В неожиданной ситуации помогали мне разобраться сами авторы писем.

Вот рассуждения читательницы из Днепропетровска Натальи Загребельной о герое исповеди:

«Этот человек может показаться многим странным, как говорится, „не от мира сего“, допускаю, что иным не понравится его излишняя впечатлительность, его повышенная реакция на каждое, даже маленькое зло, его незащищенность и неприспособленность к жизни, — то есть качества, которые сегодня большинству будто бы не импонируют. Но вот что странно, сама я на него не похожа и все же, несмотря на это, его духовный мир мне понятен и дорог. Конечно, страшное одиночество, которое он переживает, удел, наверное, немногих, но в той или иной мере, в ослабленном виде, одиночество не чуждо, наверное, каждому человеку. Поэтому исповедь и волнует. Я думаю, Вы получите массу писем. Самыми интересными будут, наверное, те, в которых рассказывается об опыте борьбы с одиночеством, о торжестве над ним, о пути к людям. Мне хочется посоветовать герою исповеди: ищи друга! Ищи активно, это основная задача твоей души, не останавливайся и не сникай, если в ком-то разочаровался. Встань и иди! Роскошь человеческого общения требует усилий».

Этот совет: «ищи друга!» повторялся в сотнях писем. И самыми интересными действительно были те, в которых речь шла о «пути к людям».

Но мне хочется перед тем, как рассказать подробно об этих письмах, остановиться немного на «ласково-сердитых», в которых герою исповеди старались раскрыть, в чем он неправ.

И — раскрыть не назидательно-строго, от «холодного ума», а любовно, от всей души.

«Дорогой мой мальчик, — писала Тамара Петровна Гуманюк, москвичка, участница Великой Отечественной войны. — Ты скажешь: я не мальчик, я мужчина. Для меня ты, как и мой тридцатилетний сын, — мальчик. А моя двадцатичетырехлетняя дочь — девочка. Для матери дети — навсегда дети.

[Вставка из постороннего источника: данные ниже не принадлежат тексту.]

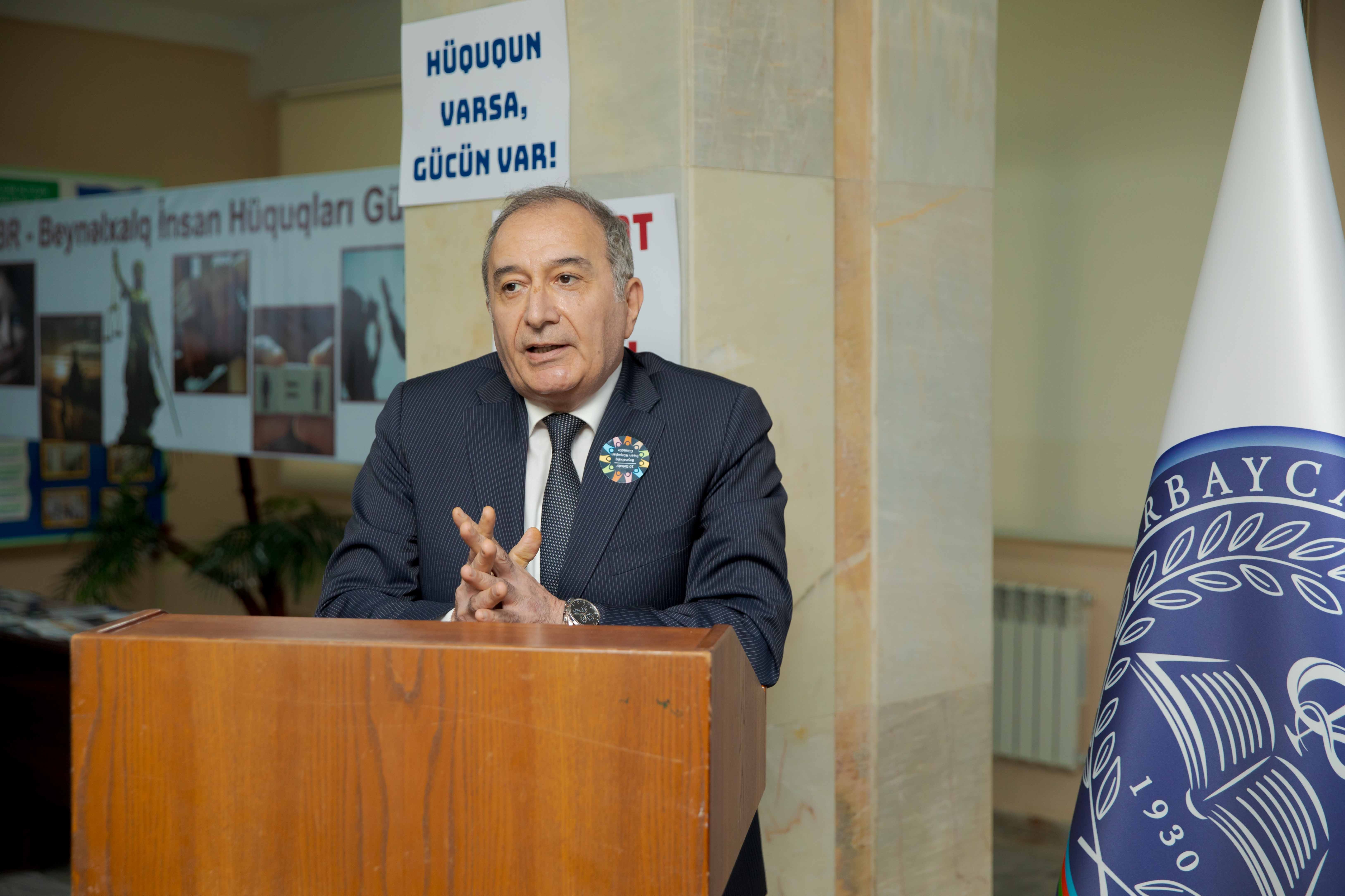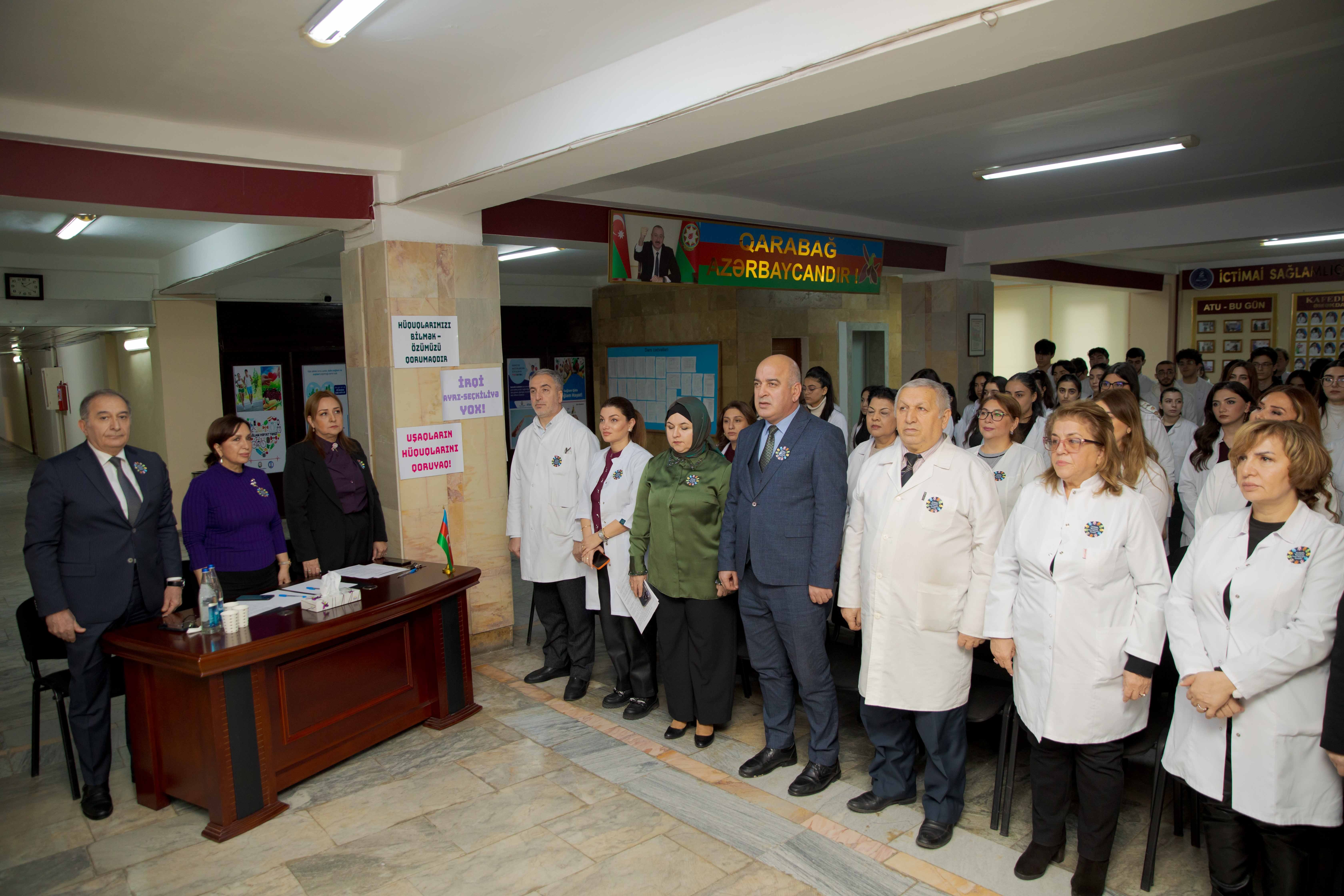 Azərbaycan Tibb Universitetinin (ATU) İctimai Səhiyyə fakltəsinin təşəbbüsü ilə İctimai sağlamlıq və səhiyyənin təşkili kafedrasında Beynəlxalq İnsan Hüquqları Günü münasibətilə professor-müəllim heyəti və tələbələrin iştirakı ilə tədbir təşkil olunub.
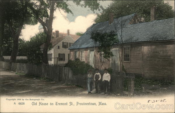 Front: Copyright 1905 by the Rotograph Co. A 6828 Old House on Tremont St., Provincetown, Mass. 8-30-05. Back: The Rotograph Co., N. Y. City. (Germany.) گی
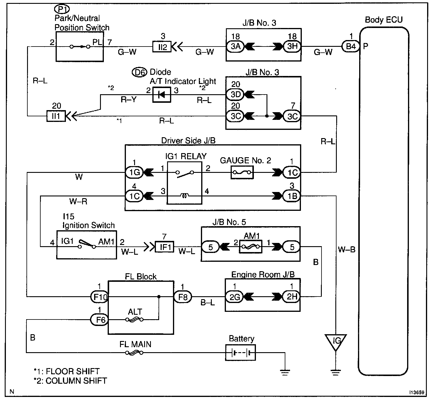 The park/neutral position switch detects the shift lever p position and sends signals to the Body ECU.
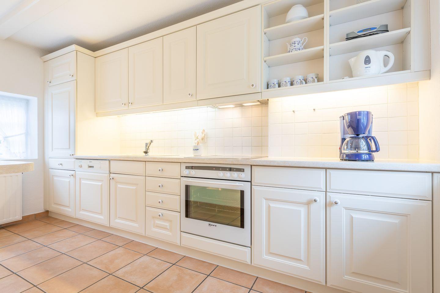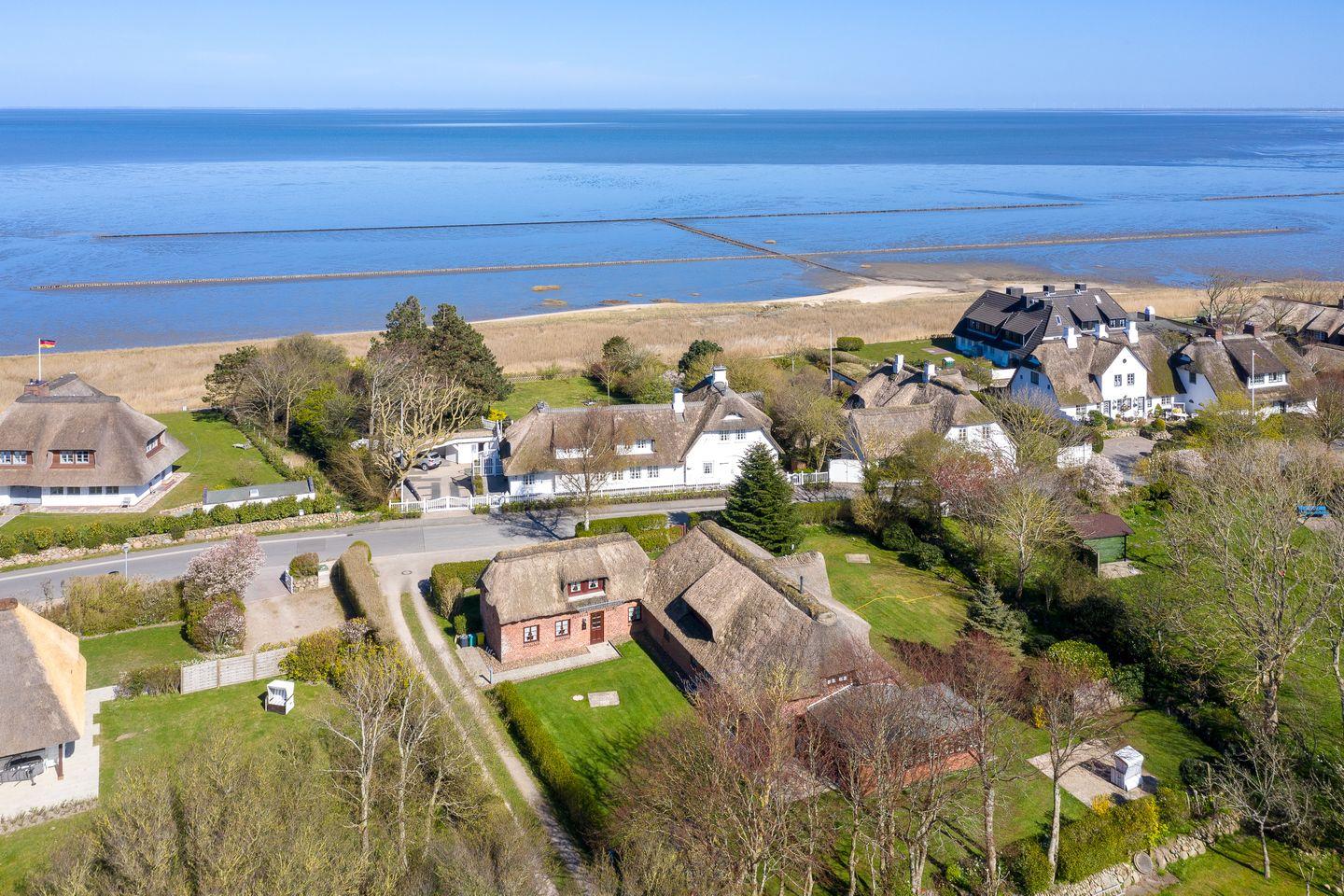 Das reetgedeckte, ca. 75 m², große Haus liegt zum Wattenmeer ca. drei Gehminuten entfernt. Die helle mediterrane Einrichtung ist geprägt durch hochwertige Tischlereinbauten und Terrakotta-Boden. Die Wohnung verfügt über Komfort wie Flat-TV, DVD-Player, W-LAN, Stereoanlage mit CD, Telefon, Geschirrspüler, Backofen und Fußbodenheizung im Erdgeschoß.
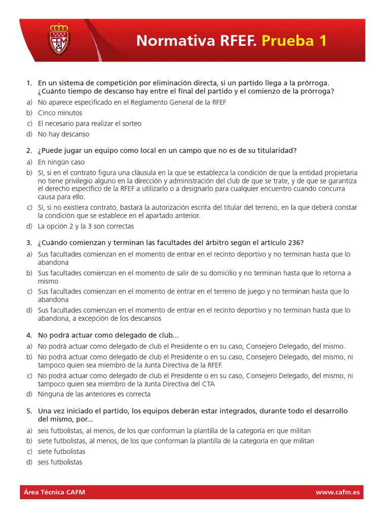 Normativa RFEF. Prueba 1
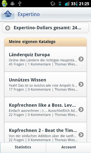 Du bekommst 7 Startkataloge aus den verschiedensten Themenbereiten und ein Startkapital. Spiel dich durch die Quiz-Welt und werde zum König der Expertino-Welt! Lade dir neue Kataloge auf Dein Handy.

Я росла в семье, которая переживала порой тяжкие времена. Вспоминаю, как моя сестра в минуты отчаяния, рыдая, говорила: да когда же это кончится, не могу больше, не могу, лучше умереть! Наша добрая, мудрая матушка, услышав эти вопли, подошла к сестре и сурово ее отчитала: „Опомнись! Как у тебя язык повернулся. Ты видишь только себя, собственные невзгоды и ожесточаешься. Ты молодая, сильная. Стыдись! Не мешало бы тебе оглядеться да посмотреть на людей. Иного постигает горе, согнуло в три погибели, кажется, не вынести ему этого испытания. Ан — нет, встает, потихоньку распрямляется, да еще находит в себе силы поддержать кого-то, да одарить теплом истерзанного сердца. А ты?“»

Это написала старая женщина. А вот «отповедь» молодой — Валентины Шустовой из Новосибирска.

«Наберитесь смелости и сил, взгляните на себя со стороны. Почему лежите в неуютной комнате и пальцем не шевелите, чтобы изменить окружающее. Совершите для людей что-нибудь хорошее, ощутимое, чтобы они увидели: вы их любите. Нет организаторских талантов — и не надо. Делайте то, что можете.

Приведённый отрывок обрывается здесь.